I can’t wait until we release the dates because it's like being pregnant with this kid! Having been in labour for so long and I want this kid out. I just want audiences to appreciate the hard work that goes into the film and I hope that they enjoy the performances and hear the truth in the film, anything else is a bonus after. I'm happy to be out there and shared.

I hope people like the film. It's important that we back each other’s stories and be proud of who we are and listen to each other’s stories. 


What advice do you have for any females who have a dream and a story to tell?

Try to find a way to tell your story if you believe in it. Whether it's for the screen or stage or a novel, if you have an idea, write your story down.
It’s also about having the belief in yourself, and then you've got to have the passion to write it and help you bring it to fruition. It's not easy and finding the right team and having and trust and faith in everyone's ability is a big thing, and when you find those right people and they allow you to have a voice, you only get one chance in life to have a go for it.

You attempt, and attempt again, and sometimes when people realise the hard work that’s going to go into it, they might realise it’s not for them, and there is nothing wrong with that either. But as we say in Australia, give it a good hard crack and for all those women reading for International Women’s Day give it a good go. Give it a go!


As you have mentioned it’s taken 30 years in the biz to finally get your shot at directing this feature film. How do you keep pushing up this mountain?

Because I am crazy – you have to be a bit mad to be in this business. I’m a workaholic. This is all I can do. This is all I want to do. I’ve had to sacrifice so much to get here, and I hope that if everything goes well my next project won’t take as long as I’ve earned people’s trust. The proof is in the pudding. And even if it did take me another 30 years to get another film up, if that is my journey, and that is my path then that is how it has to be. Whatever has to be will be. You have to keep going. But yeah, it’s probably because I am slightly mad in a creative way.

I’ve put the hard yards in, and I have learnt along the way and I am still learning, but when I see what I have learnt come to fruition, and I see how I have developed on the page and screen, I have to acknowledge it. And to see all the young people I have worked with and mentored succeed and go forth in quicker time is awesome too, to see them blossom with something they might have learnt from me is a great thing too. As long as they put the hard yards in it’s ok.
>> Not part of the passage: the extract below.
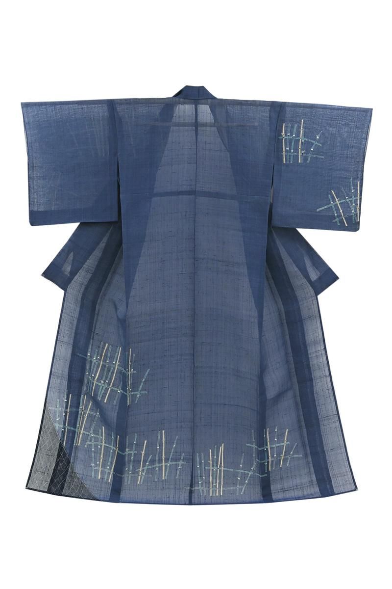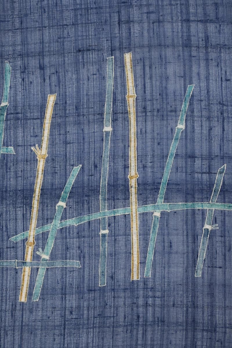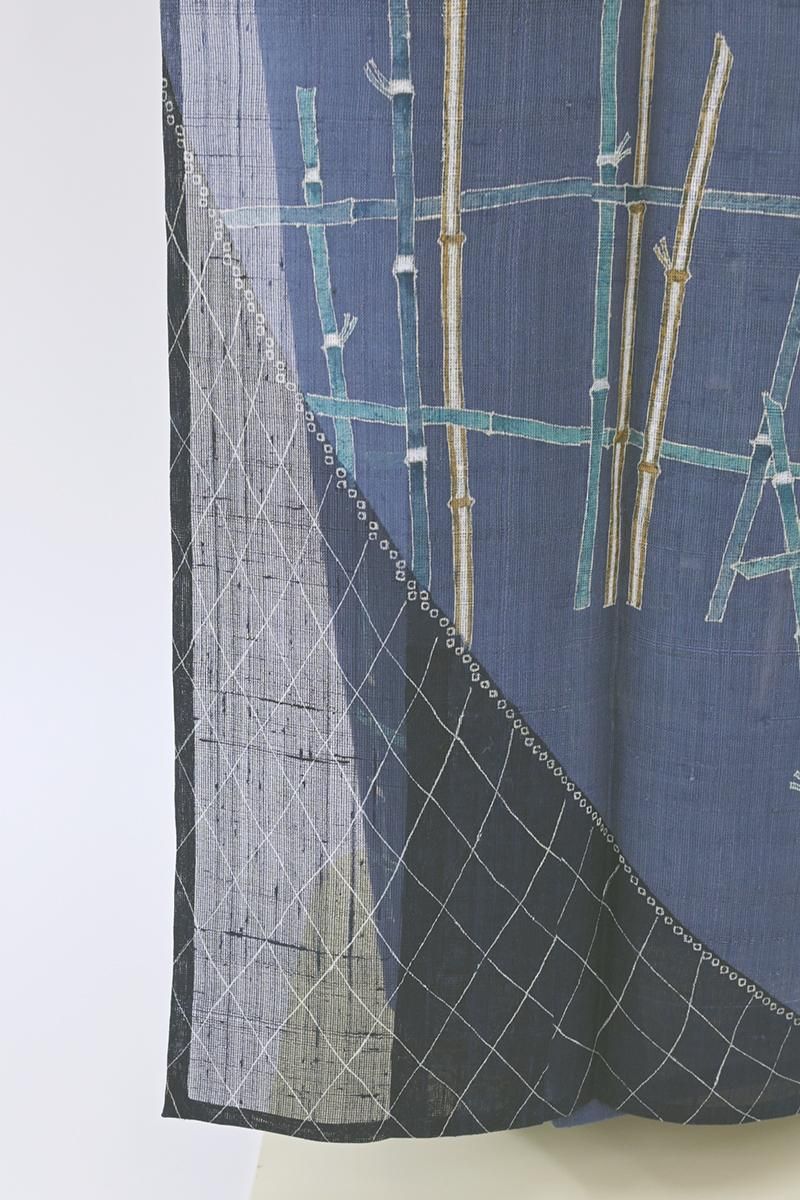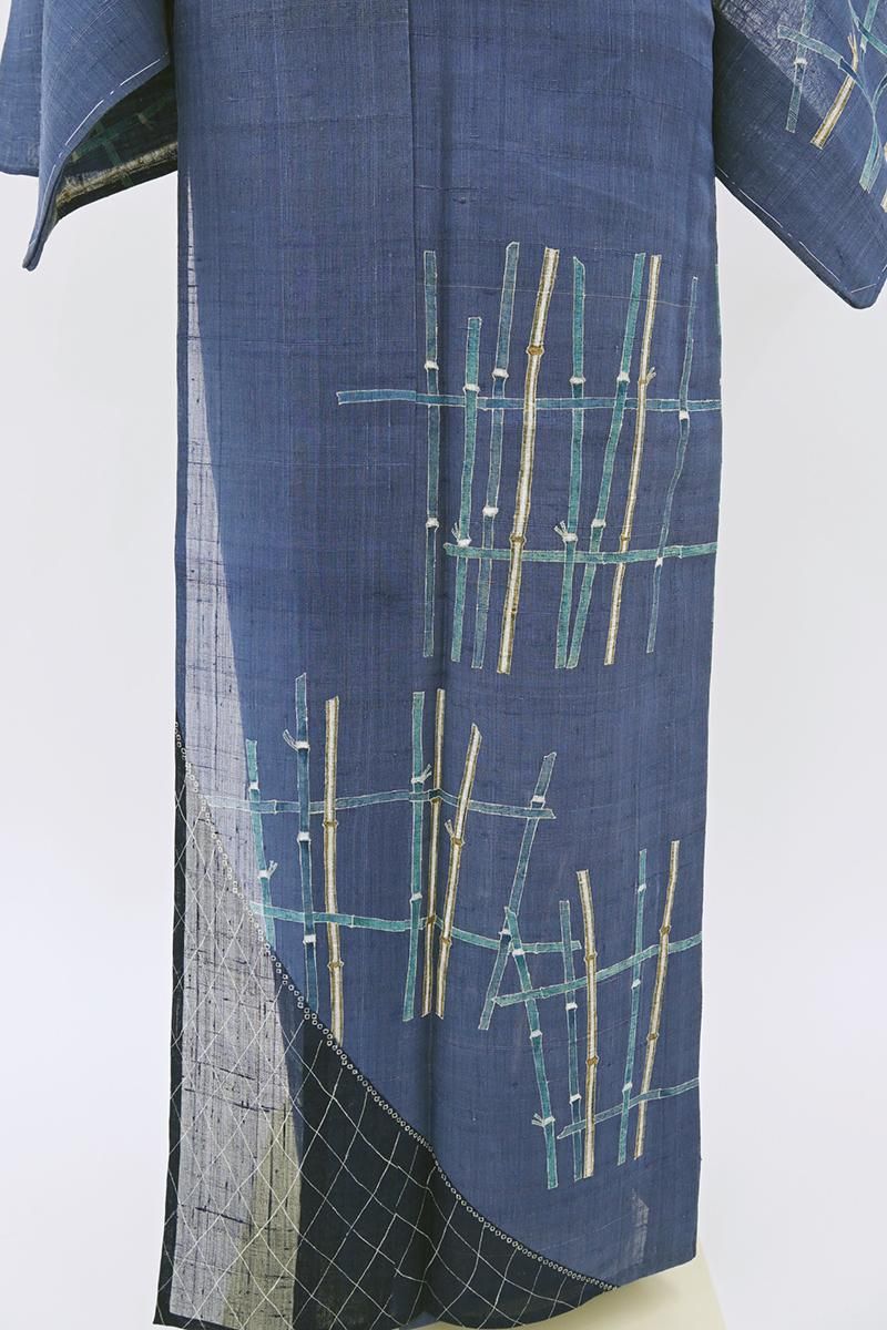 瑠璃色が近いでしょうか、ほのかに紫みを含んだ青色の地に竹垣や網干の図を配した夏の付下げです。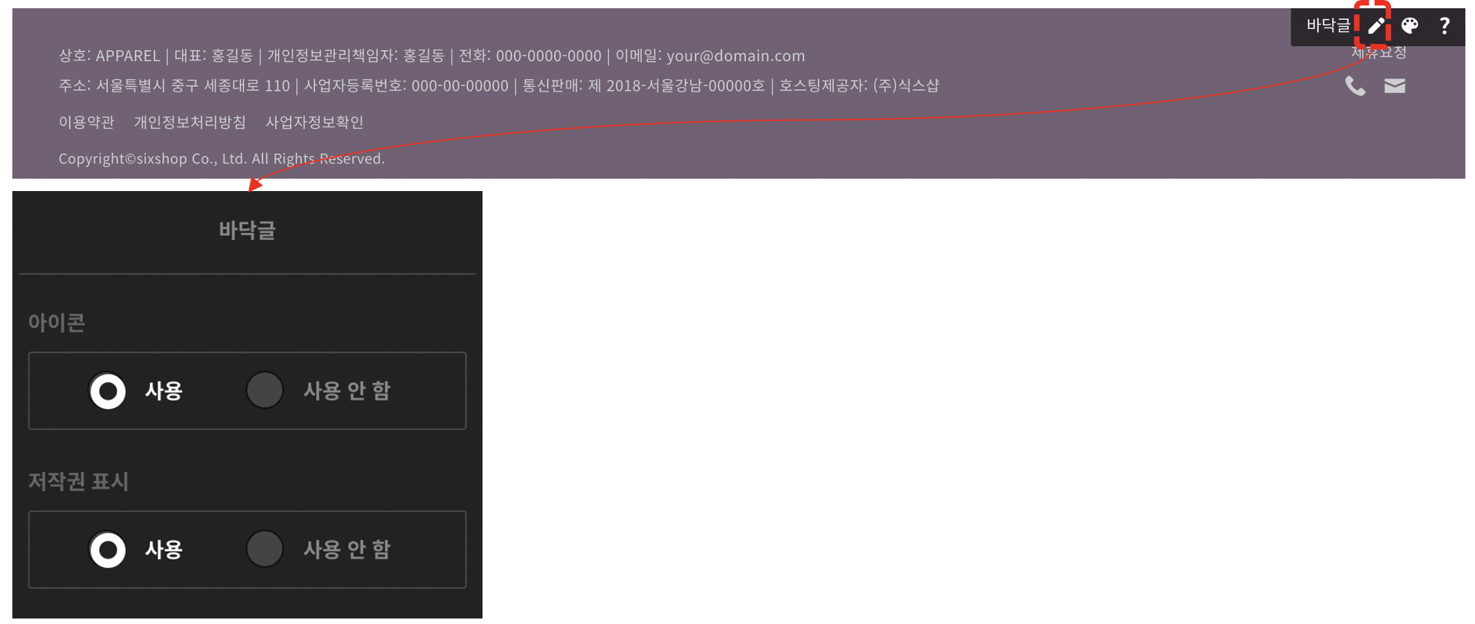 바닥글 항목 중 2가지의 사용 여부를 설정할 수 있어요.(저작권 표기, 아이콘)

I love the Australian industry and I wouldn’t want to be anywhere else.  With that in mind I want to give a huge thanks to Create NSW for all of their help and support of my film. We have great storytellers and crew, and now we just need to get our audiences backing us.


What role are you dreaming up next?

I do have a lot of people showing me scripts and asking me to consider projects and that is really nice.

Now I want to focus on writing and directing and performing and acting for good roles. First, I have to birth Molly Johnson. Until she is out of that stockyard, I am responsible for her, and I haven’t been able to feel anything about writing something new with Molly still in there. With The Drover’s Wife, I still have a follow-up novel and TV show to do. So, when Molly is born my next role is to lay down on a beach and be a lady of leisure 10 or 20 years down the track.


The Drover’s Wife: The Legend of Molly Johnson is coming to Australian cinemas 14 October.